The NHS Long Term Plan aims to cut emissions by increasing the use of lower-carbon alternatives like dry powder inhalers (DPIs), greener disposal of used inhalers, and supporting innovations in lower-carbon propellants. As pMDIs make up 70% of the inhalers prescribed in the UK, a 30% shift to DPIs could reduce emissions by 374 kilotons of CO₂ equivalent (ktCO2e) annually.
The current propellants
Previous efforts to make inhalers environmentally friendly followed the Montreal Protocol, which phased out chlorofluorocarbons (CFCs) due to their ozone depletion effects. HFCs were adopted as a more ozone-friendly alternative. However, a major drawback is their GWP is much higher than that of carbon dioxide (CO₂).
These gases can persist for extended periods in the upper atmosphere, permitting solar radiation to enter while trapping reflected emissions and re-radiating energy back toward the Earth. In response, global regulatory efforts, such as the Kigali Amendment, are now focusing on the phasing out HFCs, particularly in medical applications, to mitigate their impact on the environment.
The path to greener inhalers
Another established product on the market is the DPI. DPIs deliver medication to the lungs in dry powder form, with the medicine stored in individual blisters. Each blister contains a precise amount of the powdered medication, typically a single dose.
DPIs have the distinct environmental advantage of containing no propellants and, therefore, no HFCs. DPIs rely on the patient’s inhalation effort to deliver medication. When the patient inhales through the device, the air flow disperses the powdered medication, carrying it into the lungs. This eliminates the need for propellants like HFCs, making DPIs a more environmentally friendly option.

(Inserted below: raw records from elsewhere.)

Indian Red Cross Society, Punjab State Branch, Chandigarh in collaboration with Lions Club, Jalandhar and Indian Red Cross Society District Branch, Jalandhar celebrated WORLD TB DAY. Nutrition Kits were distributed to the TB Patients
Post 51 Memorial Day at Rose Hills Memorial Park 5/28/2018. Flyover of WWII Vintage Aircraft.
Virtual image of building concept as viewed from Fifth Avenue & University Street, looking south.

However, some patients – typically the very ill, elderly or very young – will be unable to generate sufficient inspiratory flow to correctly use a DPI, in which case only a propellant-driven pMDI will suffice.
Low-GWP propellants
Recent advancements have led to the development of low-GWP propellants, such as HFC 152a and HFO 1234ze(E). These alternatives significantly reduce environmental impact compared to traditional propellants. Companies like AstraZeneca and Chiesi are actively working to bring these new propellants to market, with expected launches by 2025, marking a significant step towards more sustainable inhaler options.

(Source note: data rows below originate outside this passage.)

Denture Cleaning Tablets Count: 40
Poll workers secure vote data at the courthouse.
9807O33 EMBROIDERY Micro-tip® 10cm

HFO 1234ze(E) is the most probable replacement option due to its low GWP and its similar physical characteristics, including density, vapour pressure, and dipole moment, with commonly used propellants like HFC 134a. This can also help simplify the transition process in inhaler design.
The industry’s role in the transition
The introduction of new propellants is subject to strict regulatory scrutiny. Manufacturers must undertake a series of evaluations to ensure safety and effectiveness. Evaluations for extractables and leachables are necessary to ensure new propellents do not result in extracted compounds of toxicological concern from the container closure system that may leach into the medication over the shelf life of the product.

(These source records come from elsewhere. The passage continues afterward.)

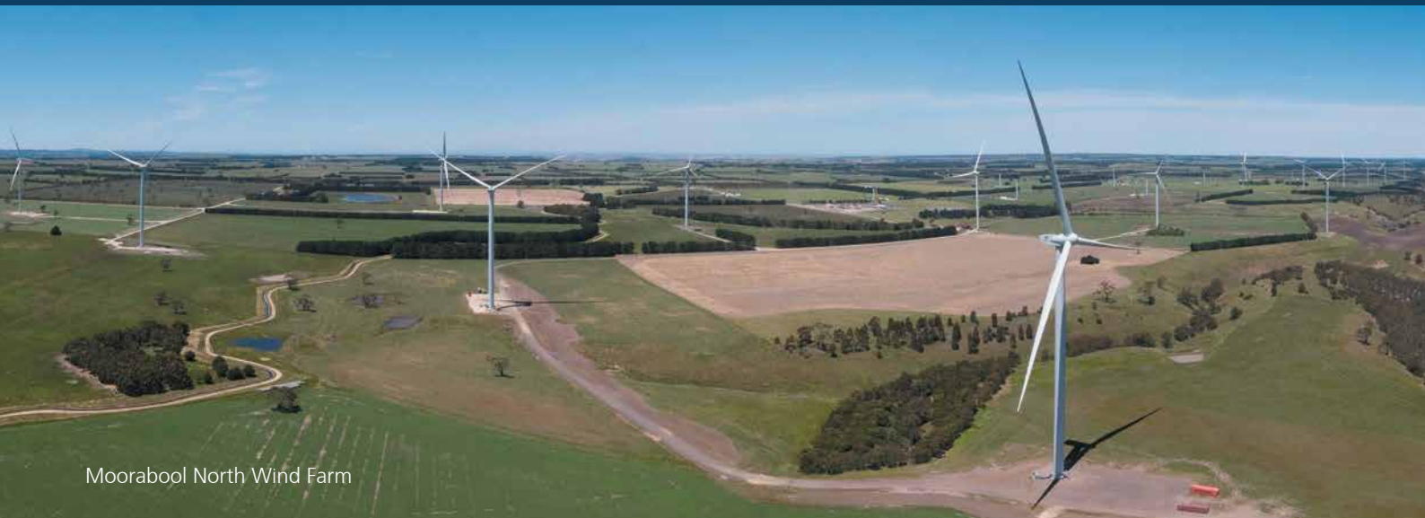
Moorabool North Wind Farm
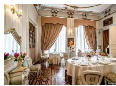
al. Ujazdowskie 24
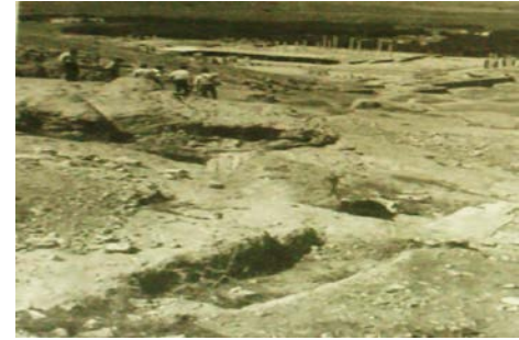
Figure 4 : Change of Land Use in the ziggurat

The U.S. FDA's Guidance for Industry sets regulatory expectations for propellant-based inhalers, requiring thorough toxicological assessments and ensuring new formulations meet safety, effectiveness, and patient use standards.
Similarly, the EMA’s Guideline on the Pharmaceutical Quality of Inhalation and Nasal Products mandates rigorous evaluation of any changes in propellants or components, along with studies on drug delivery performance and device compatibility.
Gaining regulatory approval for new propellants can be a lengthy process due to various challenges. By investing in research and development for low-GWP propellants, companies can lead the charge in creating environmentally friendly alternatives.
Collaborating with specialist firms can accelerate this process, ensuring that new technologies are developed and brought to market more efficiently. However, while it's essential to focus on reducing environmental impact, it is equally important to maintain a patient-centred approach.